• Resolved Jorinde

    (@jorinde)


    Hello dear forum members,
    hope you can help me with my problem.

    I work with custom taxonomies. I have successfully registered them in my functions.php and used them to assign (multiple and hierarchically structured) values to my posts.

    My structure is similar to this example:
    Taxonomy: Habitat
    Terms:

    • A–America
    • a–USA
    • b–Canada
    • c–Mexiko
    • B–Europe
    • a–France
    • b–Spain
    • c–Italy

    etc.

    Now I want to display them via my single.php-Template. To do so, I used
    <?php the_terms( $post->ID, 'habitat', '<li> <strong>Habitat:</strong> ', ' ','</li>' ); ?>
    This works, but the output is unhierarchical, in alphabetic order, and looks like this, for example:

    Habitat: A-America, a–France, a–USA, B–Europe, b–Spain

    What I want is:

    Habitat: A-America, a–USA, B–Europe, a–France, b–Spain

    Is there a way to influence the sorting? Like, by ID?
    Thank you very much!

Viewing 8 replies - 1 through 8 (of 8 total)
  • Haven’t tried it but you might use wp_get_post_terms (the docs aren’t quite complete)
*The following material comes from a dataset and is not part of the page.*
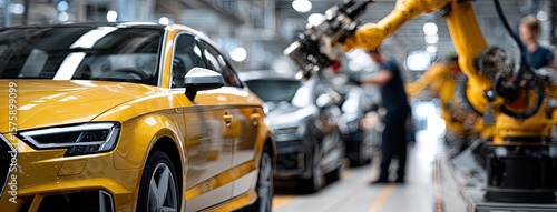 Robotic arms efficiently assemble vehicles on a dynamic production line within a high-tech factory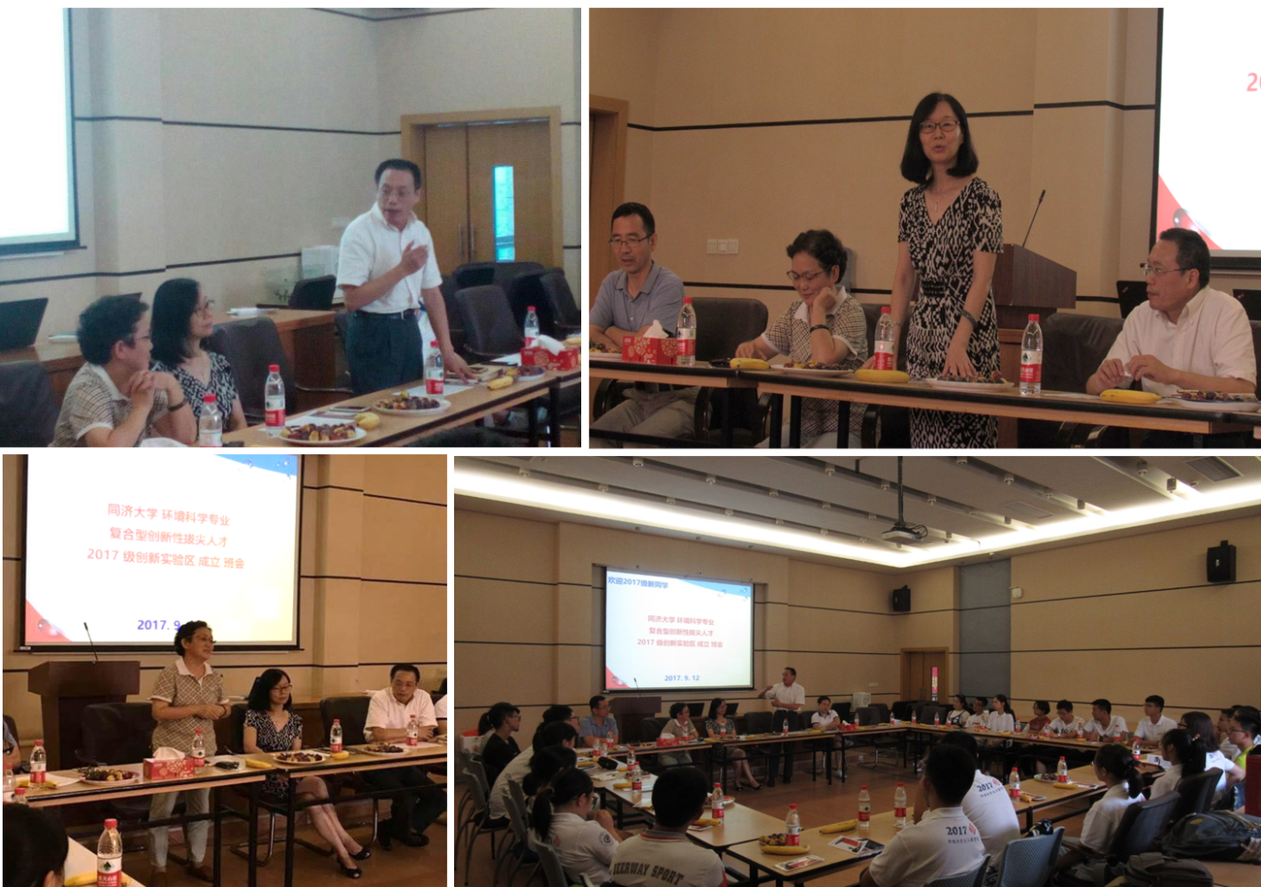 2017年9月12日,2017级环境科学专业复合型创新拔尖人才培养模式创新实验区成立大会在明净楼4楼报告厅举办。环境学院党委书记柳剑雄老师、副院长邓慧萍老师、环境科学系主任陈玲老师、副系主任贺文智老师莅临指导。16级创新区班主任林思劼老师及两位17级创新区班主任盛闻超老师、李少林老师、13级与15级的两位优秀学生代表,也参加并寄语新同学。贺文智老师主持会议。

    $taxonomy = 'habitat';
    $tax_args=array('orderby' => 't.term_id');
    $terms = wp_get_post_terms( $post->ID , $taxonomy, $tax_args);
    foreach ($terms as $term) {
    echo $term->slug;
    }

    Thread Starter Jorinde

    (@jorinde)

    Michael, thank you for your quick response.
    I tried your proposal: yes, it works: it returns the slugs, ordered by ID. What I need are the names, with a link to the respective archive (sorry for not being clear about that in my first post). I have figured out that I can get the name when I change slug to name. But what about the links?
    Thanks!

    In the foreach put something like:

    echo '<a href="' . esc_attr(get_term_link($term, $taxonomy)) . '" title="' . sprintf( __( "View all posts in %s" ), $term->name ) . '" ' . '>' . $term->name.'</a> ';

    Thread Starter Jorinde

    (@jorinde)

    Fantastic! That is exactly what I was looking for.

    Now I only have two issues left:
    How can I exclude/hide empty taxonomies? In other words, with the original (non-sortable) solution that employed the_terms, I could define before and after bits—<li> <strong>Habitat:</strong> and </li>—that were displayed only when there was a value. How can I prevent such an empty label now?
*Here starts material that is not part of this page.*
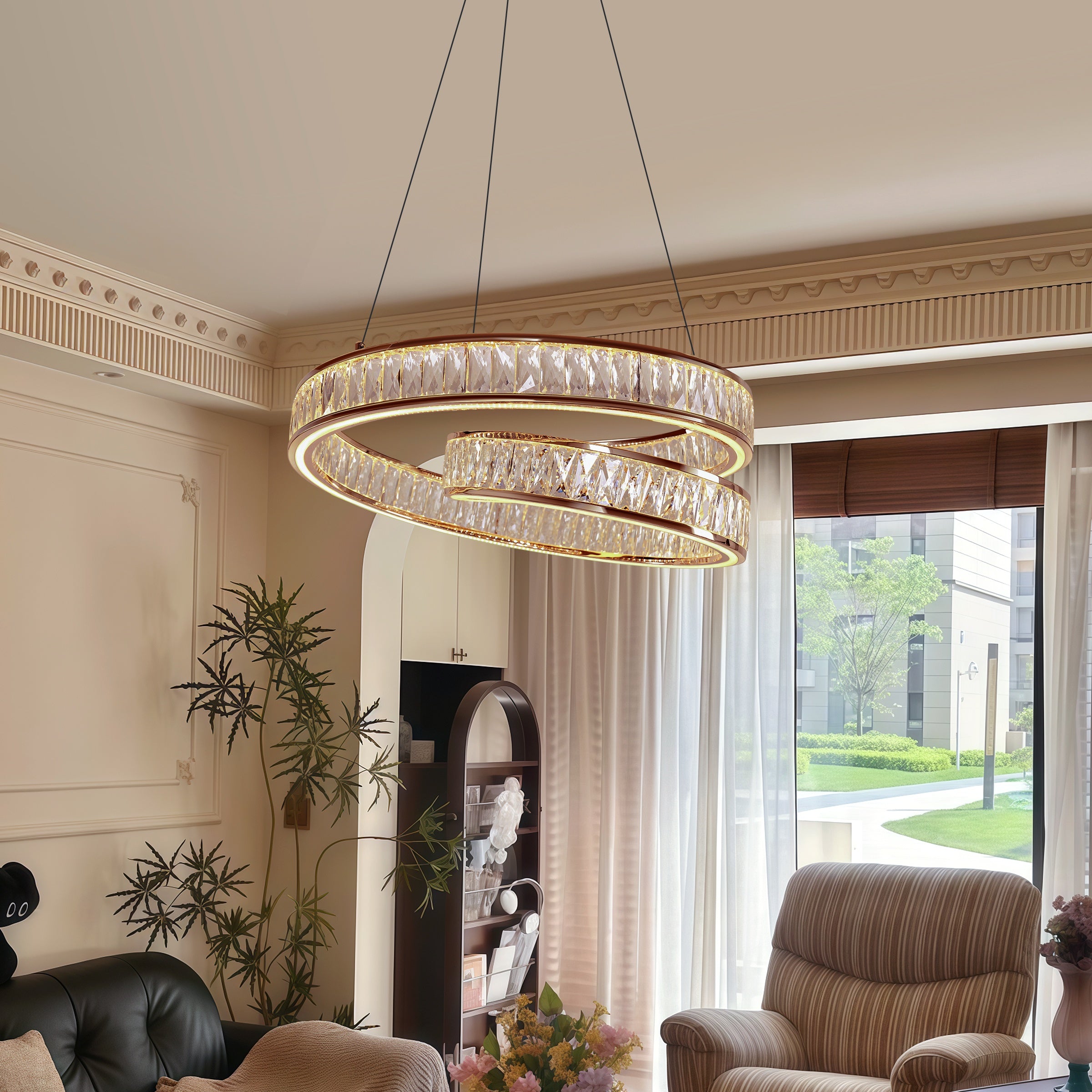 Elegant Quiet Gold Crystal Ceiling Fan with Light, 6-Speed Control & Dimmable Eye-Care Lighting

    The other thing is: the hierarchy of the terms is not reflected by the URL. It is /habitat/france, instead of/habitat/europe/france. Can the URLs show the hierarchy? If there is no easy/known fix to the latter, I will dismiss the plan.
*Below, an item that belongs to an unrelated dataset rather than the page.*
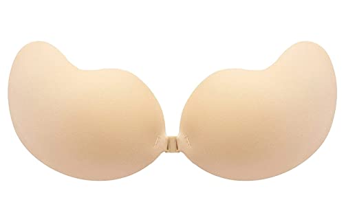 The cups of this adhesive bra are made with 100% silicone gel adhesive, which provides a strong and secure hold to your skin. The lightweight cups are easy to wear and stick onto your skin, giving you a natural-looking shape and cleavage. To wear this adhesive bra, simply stick each cup onto your breast and use the metal clasp to clip them together. This creates an invisible shape and cleavage, making it perfect for low-cut and backless outfits.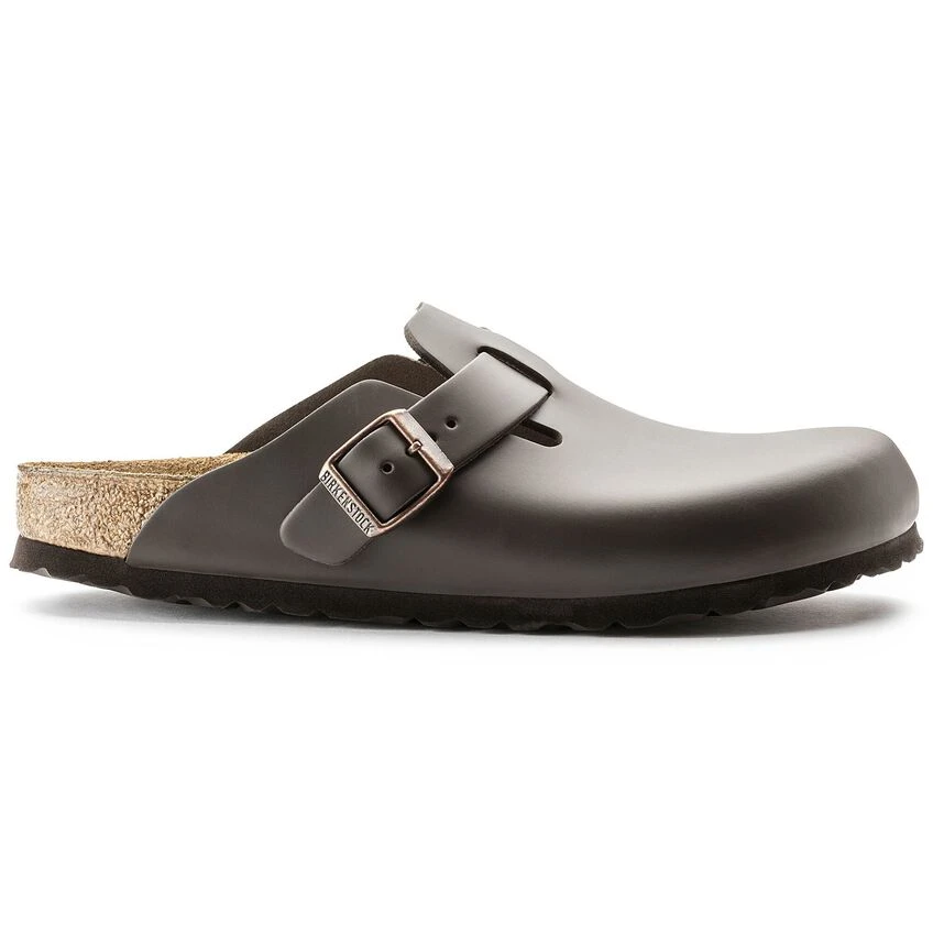 Our most sought-after clog, the Boston lends a fashion-forward edge to any style. Handcrafted for quality, featuring smooth natural leather for an elevated look. Complete with legendary BIRKENSTOCK design elements, like a contoured cork-latex footbed for the ultimate in support.

    Thank you for your patience.

    What about an if statement?

    if ($terms) {
    foreach ($terms as $term) {
    echo $term->slug;
    }
    }

    Not sure about the URL question.

    Thread Starter Jorinde

    (@jorinde)

    Michael, that worked like charm!
    I promise to dig deeper into this whole PHP thing, thank you so much for providing me with the necessary pointers.

    This is my full code now. I use this bit about 12 times in the template, for the various taxonomies. Is there a downside to that?

    <?php $taxonomy = 'habitat';
    $tax_args=array('orderby' => 't.term_id');
    $terms = wp_get_post_terms( $post->ID , $taxonomy, $tax_args);
    if ($terms) {
    echo '<li> <strong>Habitat:</strong> ';
    foreach ($terms as $term) {
    echo '<a href="' . esc_attr(get_term_link($term, $taxonomy)) . '" title="' . sprintf( __( "View all posts in %s" ), $term->name ) . '" ' . '>' . $term->name.'</a> ';
    }
    echo '</li>';
    } ?>

    Not real downside, but you could look into making it a function and just pass the taxonomy to the function–that way you’d only have 1 line in your template and the function in your theme’s functions.php.

    I’ll mark this resolved.

    Thread Starter Jorinde

    (@jorinde)

    Alright! Yes, my problem is solved. Thanks for your help.